Data supplied:

■ ■ ■

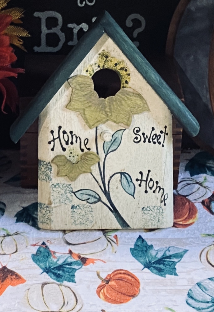 I also decoupaged a little 3 1/4” square natural wood trinket box. I made the little leaf ladder tall last year. It goes perfectly with this arrangement.
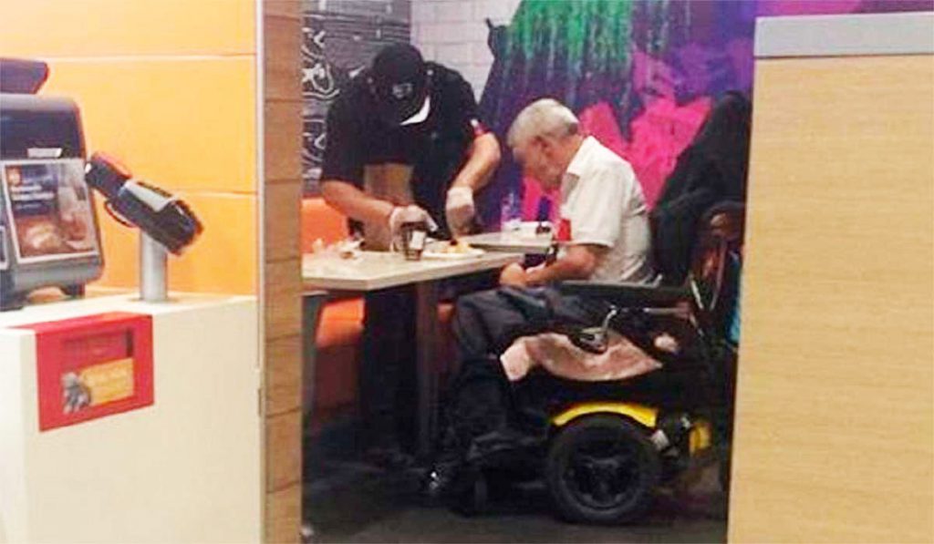 Atendente do McDonald’s fecha o caixa na hora do rush para ajudar um idoso deficiente a se alimentar
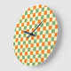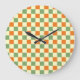 Green Orange Brown Chequered Gingham Pattern Large Clock
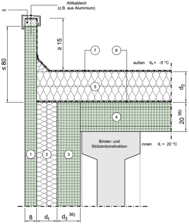 Hohlplattendecke mit Dämmung und Abdichtung, Vorsatzschicht als Attika, Ortgang
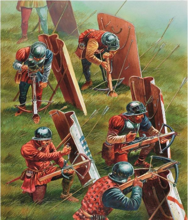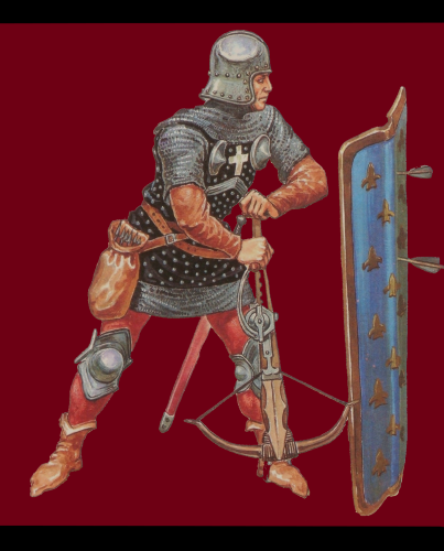 Существуют также подразделения, состоящие исключительно из арбалетчиков и лучников. Они применяют не древковое оружие, а оружие дальнего боя. Однако воины этих подразделений подготовлены к рукопашному бою, оснащены, как и другие пехотинцы, личным оружием и защитными средствами. Арбалет, из которого стреляют короткими массивными стрелами, так называемыми болтами, это очень точное оружие с большой пробивной силой, но, к сожалению, его заряжание и стрельба требуют много времени, поэтому оно более полезно в ходе осады, чем на поле боя, где ситуация может развиваться попросту молниеносно.
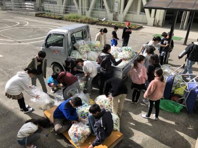 ボランティア委員会では、毎年ペットボトルのキャップを回収しています。今年度も毎週金曜日に回収していました。この集められたキャップは、世界で苦しむ子どもたちのワクチンに変わります。
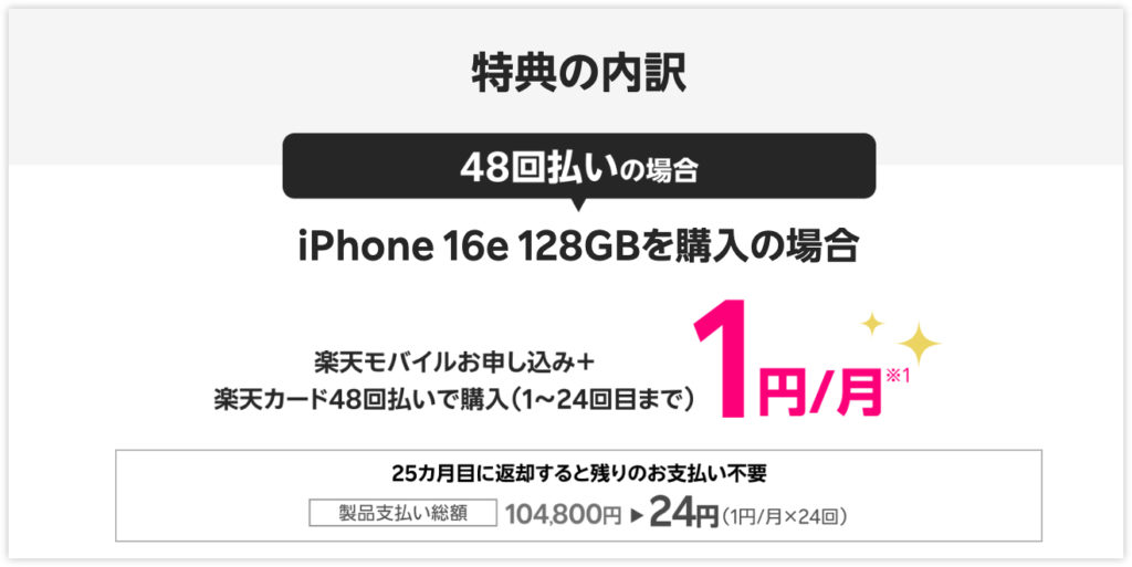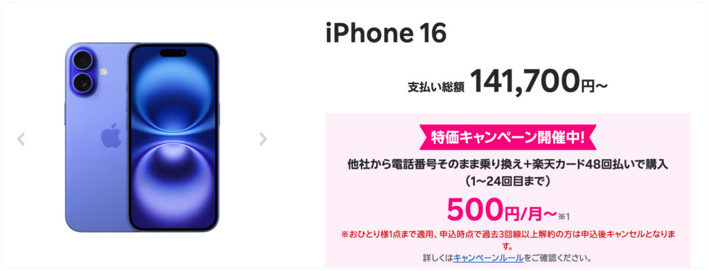 楽天モバイルがiPhone 16eを月1円で使えるキャンペーンを開始しました。
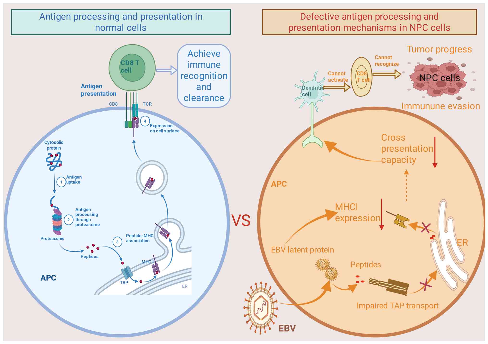 In summary, the mechanisms of defective antigen processing and presentation in NPC include TAP dysfunction, EBV protein-induced suppression of antigen presentation and impaired cross-presentation (Fig. 1). These mechanisms synergistically enable NPC cells to effectively escape immune surveillance, thereby facilitating tumor progression. Understanding these defects provides key insights into the immunoevasive strategies of NPC and may inform the development of novel immunotherapeutic approaches targeting these pathways.
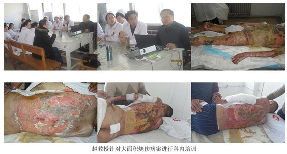 前不久,山东省乐陵县人民医院收治了一例大面积烧伤病人。患者韩XX,男性,38岁,工作中因甲醛发生爆炸,导致全身百分之八十五的大面积烧伤。事故发生后,在东营某医院治疗,因病情较重、生命垂危,回到家乡乐陵放弃治疗。在乡亲们的劝说下,又住进了乐陵县人民医院外科。病情就是命令,医院组织了以副院长高志平、科主任吴长青、住院医生鲁国军、护士长吴燕的抢救小组,立即采用再生医学技术实施救治。期间北京烧伤创疡研究所副所长赵瑞庆教授应邀也在第一时间赶到现场,亲自参加指导抢救工作,召开了病案讨论会,制定抢救方案。针对创面较大,积极采用再生医学快速愈合技术皮簇种植方法。截止目前,创面已成功愈合三分之二。
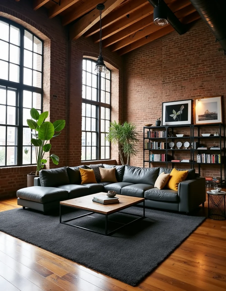 The living room features a striking industrial style, characterized by its open space and soaring ceiling windows that flood the area with natural light. The flooring is a rich, reclaimed wood that adds warmth to the room, contrasting beautifully with the exposed brick wall adorned with black iron shelves displaying a curated collection of books and art pieces. A large, charcoal-gray sectional leather sofa, with scattered mustard-colored throw pillows, sits in the center, inviting comfort while maintaining a sleek aesthetic. An oversized coffee table made from reclaimed wood and steel rests on a textured, dark gray area rug, surrounded by a few minimalist metal side tables and vintage wire stools. In one corner, a tall potted fiddle leaf fig plant and abstract artwork accentuate the industrial look, enhancing the room's overall loft-like atmosphere.
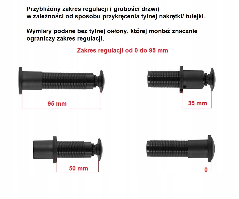 Дверна камера Wi-Fi нового покоління. Пристрій монтується в отвір дверей, де розташований звичайний вічко. Підходить для дверей товщиною від 0 до 95 мм (залежно від того, як загвинчена задня гайка - діапазон наведено без задньої кришки, використання якої значно обмежить регулювання).
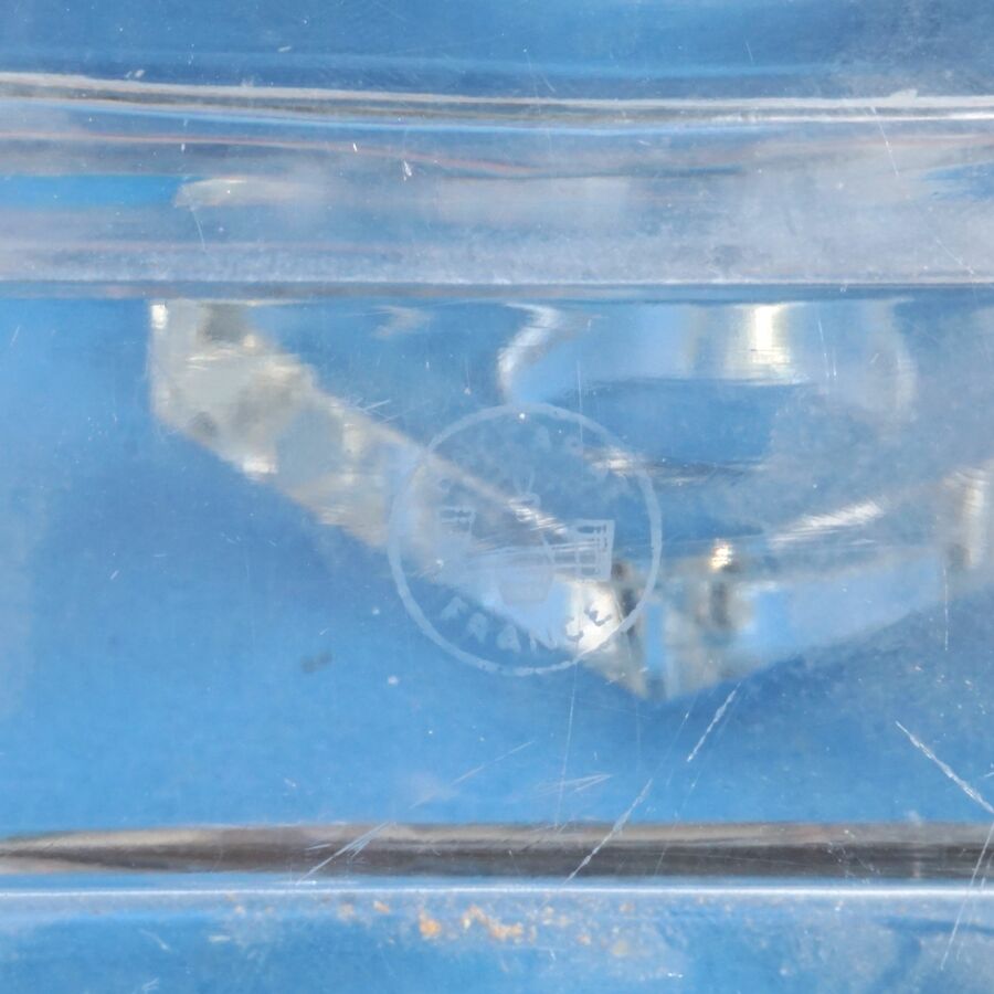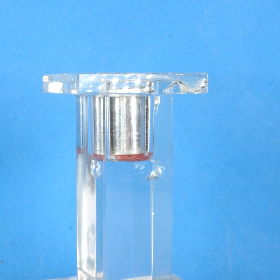 BACCARAT : Candélabre à deux bras de lumière en cristal incolore moulé, avec ses bobèches de forme carrée, signée du tampon de la Manufacture dessous, Dim.
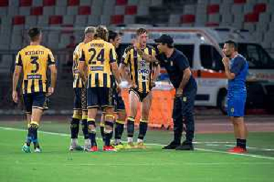 TVEM Agust 17, 2024 Bari, Italy - SSC Bari vs SS Juve Stabia - Italian soccer serie B 2024/25 - San Nicola Stadium. In the pic by E. Mastrodonato/ag. Aldo Liverani sas: Players of SS Juve Stabia celebrates the victory
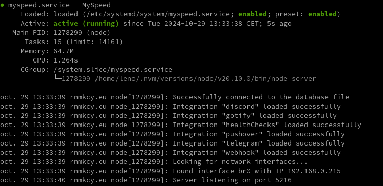 Si vous voulez que MySpeed démarre au démarrage de systemd

■ ■ ■

What you need to do:
Through the line containing "楽天モバイルがiPhone 16eを月1円で使えるキャンペーンを開始しました。" and no further, restate the data above word for word from its first line, leaving out pictures.

Task answer:
 I also decoupaged a little 3 1/4” square natural wood trinket box. I made the little leaf ladder tall last year. It goes perfectly with this arrangement.
 Atendente do McDonald’s fecha o caixa na hora do rush para ajudar um idoso deficiente a se alimentar
 Green Orange Brown Chequered Gingham Pattern Large Clock
 Hohlplattendecke mit Dämmung und Abdichtung, Vorsatzschicht als Attika, Ortgang
 Существуют также подразделения, состоящие исключительно из арбалетчиков и лучников. Они применяют не древковое оружие, а оружие дальнего боя. Однако воины этих подразделений подготовлены к рукопашному бою, оснащены, как и другие пехотинцы, личным оружием и защитными средствами. Арбалет, из которого стреляют короткими массивными стрелами, так называемыми болтами, это очень точное оружие с большой пробивной силой, но, к сожалению, его заряжание и стрельба требуют много времени, поэтому оно более полезно в ходе осады, чем на поле боя, где ситуация может развиваться попросту молниеносно.
 ボランティア委員会では、毎年ペットボトルのキャップを回収しています。今年度も毎週金曜日に回収していました。この集められたキャップは、世界で苦しむ子どもたちのワクチンに変わります。
 楽天モバイルがiPhone 16eを月1円で使えるキャンペーンを開始しました。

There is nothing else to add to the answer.